Recorded information below:
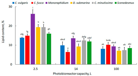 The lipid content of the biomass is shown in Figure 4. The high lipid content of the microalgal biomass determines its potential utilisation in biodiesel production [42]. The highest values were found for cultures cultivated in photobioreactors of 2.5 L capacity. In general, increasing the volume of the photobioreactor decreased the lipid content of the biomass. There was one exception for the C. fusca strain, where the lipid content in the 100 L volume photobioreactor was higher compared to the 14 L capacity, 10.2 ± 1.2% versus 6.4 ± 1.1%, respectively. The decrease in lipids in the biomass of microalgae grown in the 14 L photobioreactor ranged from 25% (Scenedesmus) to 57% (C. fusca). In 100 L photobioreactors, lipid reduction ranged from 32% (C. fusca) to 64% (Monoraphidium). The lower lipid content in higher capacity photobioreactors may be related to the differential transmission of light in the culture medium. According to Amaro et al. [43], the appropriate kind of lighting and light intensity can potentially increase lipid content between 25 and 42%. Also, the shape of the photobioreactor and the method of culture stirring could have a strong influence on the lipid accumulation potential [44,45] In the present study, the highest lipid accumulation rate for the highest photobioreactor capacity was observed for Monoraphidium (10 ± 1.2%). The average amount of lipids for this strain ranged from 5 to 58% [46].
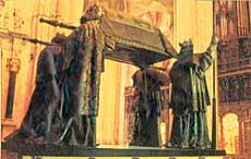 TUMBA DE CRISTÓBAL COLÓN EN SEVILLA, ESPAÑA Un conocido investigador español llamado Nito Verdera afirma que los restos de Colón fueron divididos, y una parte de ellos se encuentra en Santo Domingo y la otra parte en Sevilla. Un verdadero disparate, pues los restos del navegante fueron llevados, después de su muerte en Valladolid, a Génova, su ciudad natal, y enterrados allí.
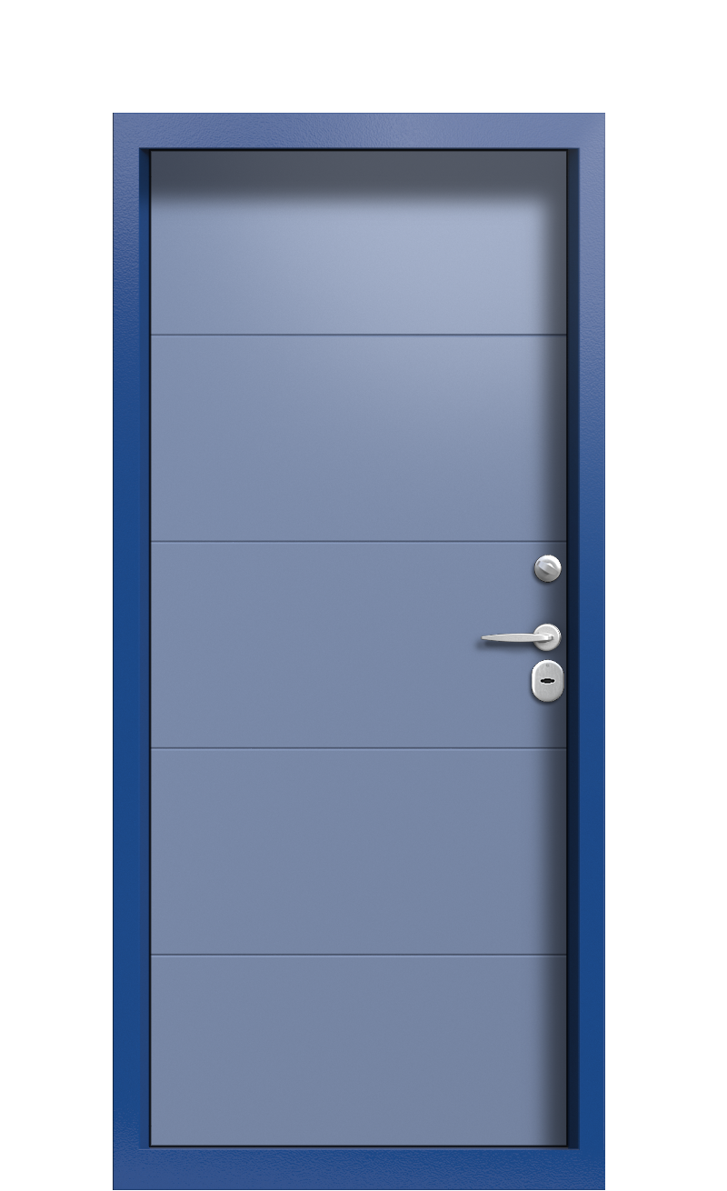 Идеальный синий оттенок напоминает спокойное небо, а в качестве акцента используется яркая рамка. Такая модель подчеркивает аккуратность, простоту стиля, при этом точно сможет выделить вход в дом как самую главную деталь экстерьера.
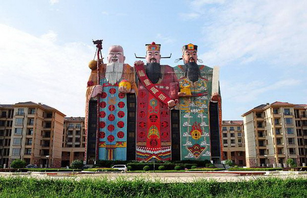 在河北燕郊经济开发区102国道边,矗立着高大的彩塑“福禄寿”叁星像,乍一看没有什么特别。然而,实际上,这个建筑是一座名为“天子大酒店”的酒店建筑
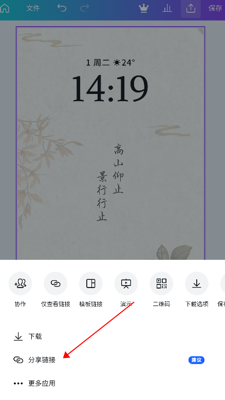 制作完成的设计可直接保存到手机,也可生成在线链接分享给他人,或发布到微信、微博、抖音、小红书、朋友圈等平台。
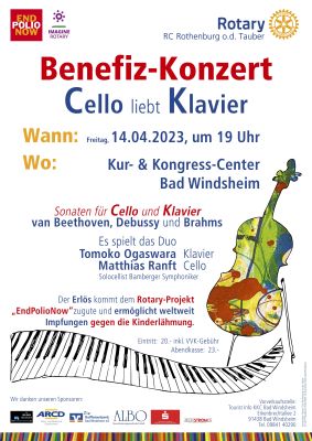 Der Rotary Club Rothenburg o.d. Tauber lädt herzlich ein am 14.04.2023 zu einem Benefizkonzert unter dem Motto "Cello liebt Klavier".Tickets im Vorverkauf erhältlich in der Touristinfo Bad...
End of Recorded information.
Recorded information below:
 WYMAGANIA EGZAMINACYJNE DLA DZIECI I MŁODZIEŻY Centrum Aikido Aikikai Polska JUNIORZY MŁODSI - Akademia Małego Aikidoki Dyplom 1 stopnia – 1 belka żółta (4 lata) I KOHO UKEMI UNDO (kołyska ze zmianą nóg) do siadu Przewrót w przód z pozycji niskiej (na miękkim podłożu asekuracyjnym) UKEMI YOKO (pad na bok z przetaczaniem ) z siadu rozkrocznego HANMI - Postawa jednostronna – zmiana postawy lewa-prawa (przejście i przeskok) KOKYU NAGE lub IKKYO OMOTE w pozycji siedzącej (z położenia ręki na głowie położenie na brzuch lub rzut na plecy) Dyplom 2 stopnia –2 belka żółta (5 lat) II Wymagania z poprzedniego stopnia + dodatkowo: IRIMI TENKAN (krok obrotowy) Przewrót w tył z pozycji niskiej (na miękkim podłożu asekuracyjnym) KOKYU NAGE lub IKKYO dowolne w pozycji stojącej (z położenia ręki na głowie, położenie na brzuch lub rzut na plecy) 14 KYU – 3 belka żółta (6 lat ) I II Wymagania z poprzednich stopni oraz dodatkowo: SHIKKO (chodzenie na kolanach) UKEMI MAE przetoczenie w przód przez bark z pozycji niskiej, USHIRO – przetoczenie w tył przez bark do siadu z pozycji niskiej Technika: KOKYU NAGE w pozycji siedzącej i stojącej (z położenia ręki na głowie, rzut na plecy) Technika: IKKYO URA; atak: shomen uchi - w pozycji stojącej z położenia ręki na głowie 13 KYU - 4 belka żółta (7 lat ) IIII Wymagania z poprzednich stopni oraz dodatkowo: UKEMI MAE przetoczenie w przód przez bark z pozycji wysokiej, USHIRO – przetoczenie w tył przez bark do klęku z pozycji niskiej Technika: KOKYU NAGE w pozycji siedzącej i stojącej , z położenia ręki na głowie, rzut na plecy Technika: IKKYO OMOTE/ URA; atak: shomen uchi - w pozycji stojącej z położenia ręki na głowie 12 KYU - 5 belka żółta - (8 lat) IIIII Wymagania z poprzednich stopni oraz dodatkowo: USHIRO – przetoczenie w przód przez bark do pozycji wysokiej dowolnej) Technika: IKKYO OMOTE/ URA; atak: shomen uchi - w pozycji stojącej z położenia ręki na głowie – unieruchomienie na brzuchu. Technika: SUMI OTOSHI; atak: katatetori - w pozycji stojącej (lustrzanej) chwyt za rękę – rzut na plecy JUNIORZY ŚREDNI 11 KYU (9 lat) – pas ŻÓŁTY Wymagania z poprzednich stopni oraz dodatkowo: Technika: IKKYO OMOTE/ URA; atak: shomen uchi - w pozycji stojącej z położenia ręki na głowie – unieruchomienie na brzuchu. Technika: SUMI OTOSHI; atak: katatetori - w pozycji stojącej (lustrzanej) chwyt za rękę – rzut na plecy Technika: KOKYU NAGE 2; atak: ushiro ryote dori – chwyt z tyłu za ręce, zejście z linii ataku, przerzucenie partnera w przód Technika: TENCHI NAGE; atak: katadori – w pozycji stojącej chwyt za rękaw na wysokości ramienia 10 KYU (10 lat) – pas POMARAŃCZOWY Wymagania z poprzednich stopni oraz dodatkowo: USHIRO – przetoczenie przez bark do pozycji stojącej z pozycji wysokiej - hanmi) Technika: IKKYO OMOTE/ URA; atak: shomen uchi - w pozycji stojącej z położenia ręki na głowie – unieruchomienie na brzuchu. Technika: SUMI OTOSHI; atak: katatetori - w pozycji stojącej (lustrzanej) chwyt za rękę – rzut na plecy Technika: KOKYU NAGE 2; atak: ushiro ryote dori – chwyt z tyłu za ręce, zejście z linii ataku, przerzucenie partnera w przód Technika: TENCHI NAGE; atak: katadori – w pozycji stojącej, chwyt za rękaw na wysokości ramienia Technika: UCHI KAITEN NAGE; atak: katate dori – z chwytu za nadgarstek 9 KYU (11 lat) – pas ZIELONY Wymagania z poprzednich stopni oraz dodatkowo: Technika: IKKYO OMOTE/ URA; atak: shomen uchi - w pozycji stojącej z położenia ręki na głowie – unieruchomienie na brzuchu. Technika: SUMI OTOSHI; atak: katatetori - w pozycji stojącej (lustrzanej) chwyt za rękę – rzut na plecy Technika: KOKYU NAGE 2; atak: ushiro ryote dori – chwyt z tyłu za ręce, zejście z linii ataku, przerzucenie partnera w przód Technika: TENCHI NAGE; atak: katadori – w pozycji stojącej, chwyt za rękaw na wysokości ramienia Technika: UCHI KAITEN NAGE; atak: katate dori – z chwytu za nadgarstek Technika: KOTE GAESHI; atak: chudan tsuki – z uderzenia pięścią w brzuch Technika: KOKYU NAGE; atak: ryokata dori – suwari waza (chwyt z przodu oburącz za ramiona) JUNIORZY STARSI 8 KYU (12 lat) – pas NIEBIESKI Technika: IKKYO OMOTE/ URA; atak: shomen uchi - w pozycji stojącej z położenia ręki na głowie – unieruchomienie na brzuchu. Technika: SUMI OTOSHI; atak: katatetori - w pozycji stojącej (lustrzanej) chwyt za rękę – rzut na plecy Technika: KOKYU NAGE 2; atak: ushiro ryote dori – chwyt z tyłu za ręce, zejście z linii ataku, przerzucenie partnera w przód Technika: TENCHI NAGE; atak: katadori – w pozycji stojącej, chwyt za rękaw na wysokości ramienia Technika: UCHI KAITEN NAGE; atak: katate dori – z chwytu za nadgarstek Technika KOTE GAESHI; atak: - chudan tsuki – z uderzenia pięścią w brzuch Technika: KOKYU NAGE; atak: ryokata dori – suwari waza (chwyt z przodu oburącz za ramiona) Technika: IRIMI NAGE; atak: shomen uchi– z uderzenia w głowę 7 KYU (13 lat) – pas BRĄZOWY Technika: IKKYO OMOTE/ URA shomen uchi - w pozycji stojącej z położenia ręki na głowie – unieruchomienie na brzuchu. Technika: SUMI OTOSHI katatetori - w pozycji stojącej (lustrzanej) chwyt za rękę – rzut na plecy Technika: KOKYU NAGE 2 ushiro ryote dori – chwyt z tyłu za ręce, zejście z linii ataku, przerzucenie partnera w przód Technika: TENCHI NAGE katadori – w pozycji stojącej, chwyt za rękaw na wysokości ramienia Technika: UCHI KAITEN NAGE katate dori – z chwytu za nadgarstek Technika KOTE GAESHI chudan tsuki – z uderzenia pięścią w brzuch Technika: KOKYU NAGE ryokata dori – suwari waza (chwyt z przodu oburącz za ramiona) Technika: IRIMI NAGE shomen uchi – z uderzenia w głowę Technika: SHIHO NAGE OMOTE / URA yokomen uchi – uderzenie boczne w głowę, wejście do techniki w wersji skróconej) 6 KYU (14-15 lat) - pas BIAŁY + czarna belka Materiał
End of Recorded information.
Task to carry out » What do the entries above read from the line containing "Идеальный синий оттенок" through the line containing "Der Rotary Club"? Output those lines exactly, both ends included, with the pictures left out.

Your response »
 Идеальный синий оттенок напоминает спокойное небо, а в качестве акцента используется яркая рамка. Такая модель подчеркивает аккуратность, простоту стиля, при этом точно сможет выделить вход в дом как самую главную деталь экстерьера.
 在河北燕郊经济开发区102国道边,矗立着高大的彩塑“福禄寿”叁星像,乍一看没有什么特别。然而,实际上,这个建筑是一座名为“天子大酒店”的酒店建筑
 制作完成的设计可直接保存到手机,也可生成在线链接分享给他人,或发布到微信、微博、抖音、小红书、朋友圈等平台。
 Der Rotary Club Rothenburg o.d. Tauber lädt herzlich ein am 14.04.2023 zu einem Benefizkonzert unter dem Motto "Cello liebt Klavier".Tickets im Vorverkauf erhältlich in der Touristinfo Bad...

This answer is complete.